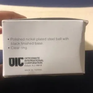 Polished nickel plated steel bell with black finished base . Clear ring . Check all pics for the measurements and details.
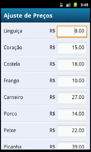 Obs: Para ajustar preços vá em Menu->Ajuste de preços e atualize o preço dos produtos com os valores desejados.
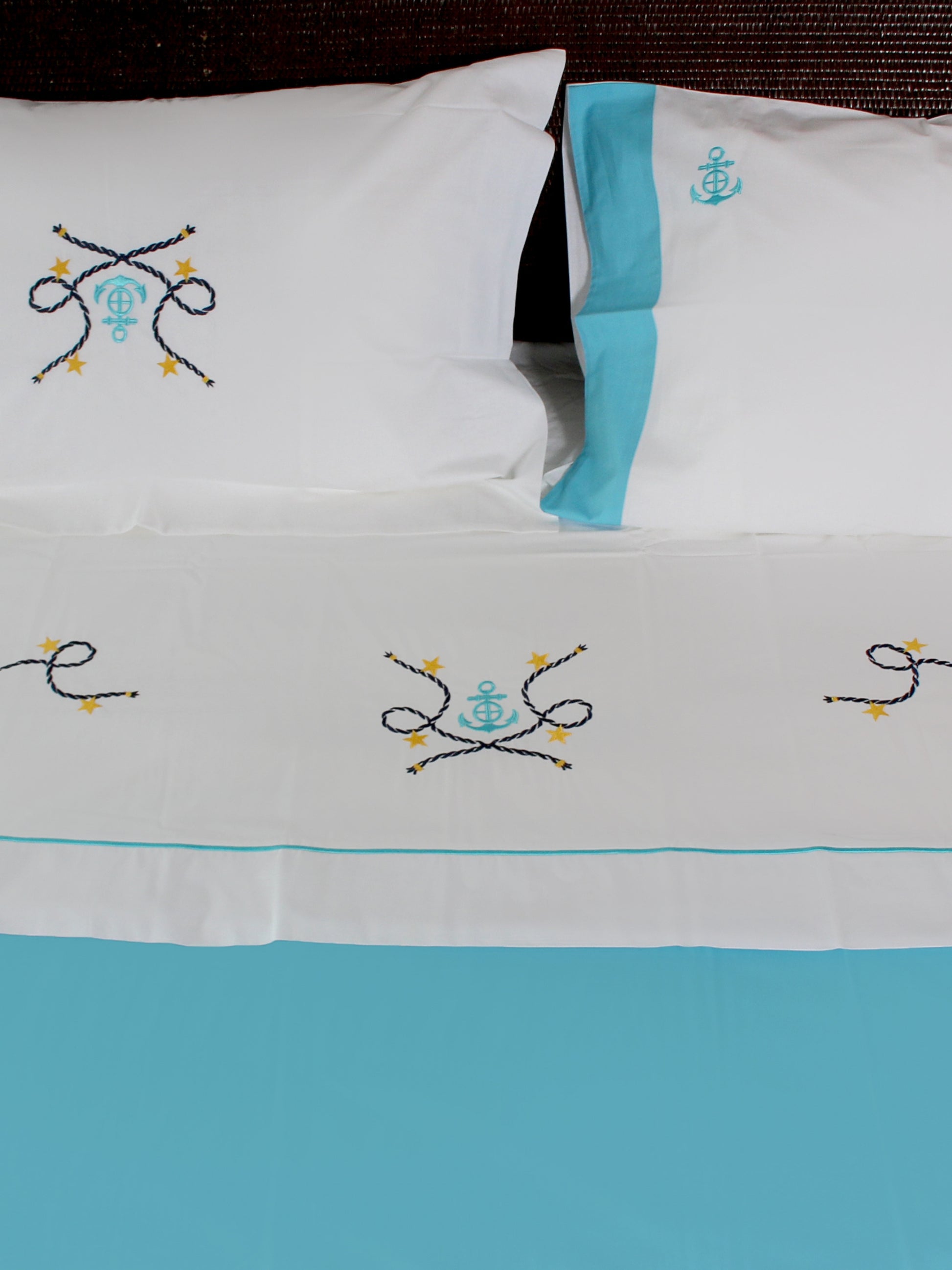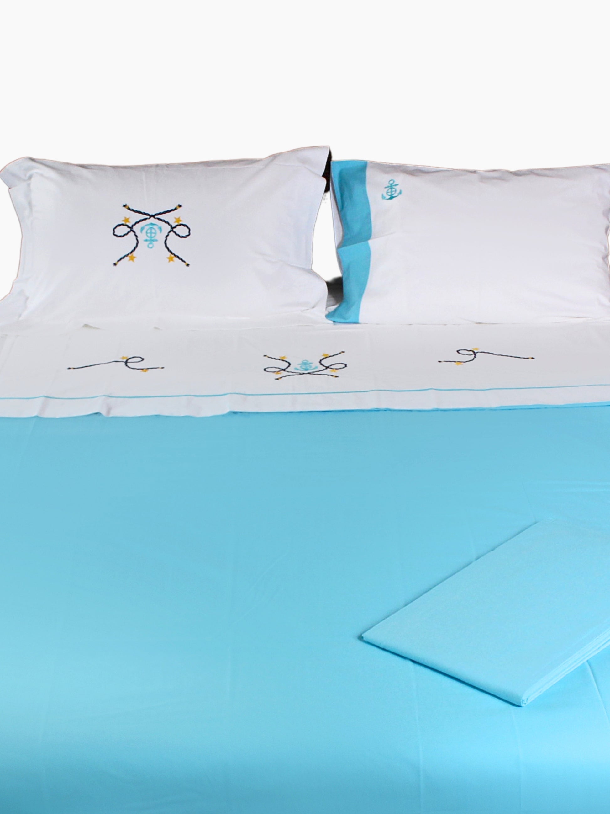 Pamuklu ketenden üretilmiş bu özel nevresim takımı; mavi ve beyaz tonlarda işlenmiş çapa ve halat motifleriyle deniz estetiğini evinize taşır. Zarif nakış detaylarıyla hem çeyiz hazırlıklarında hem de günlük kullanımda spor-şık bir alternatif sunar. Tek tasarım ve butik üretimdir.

● **TASK BRIEF**:
Please return the full listing word for word, but without any pictures.

● **ANSWER BOX**:
 Polished nickel plated steel bell with black finished base . Clear ring . Check all pics for the measurements and details.
 Obs: Para ajustar preços vá em Menu->Ajuste de preços e atualize o preço dos produtos com os valores desejados.
 Pamuklu ketenden üretilmiş bu özel nevresim takımı; mavi ve beyaz tonlarda işlenmiş çapa ve halat motifleriyle deniz estetiğini evinize taşır. Zarif nakış detaylarıyla hem çeyiz hazırlıklarında hem de günlük kullanımda spor-şık bir alternatif sunar. Tek tasarım ve butik üretimdir.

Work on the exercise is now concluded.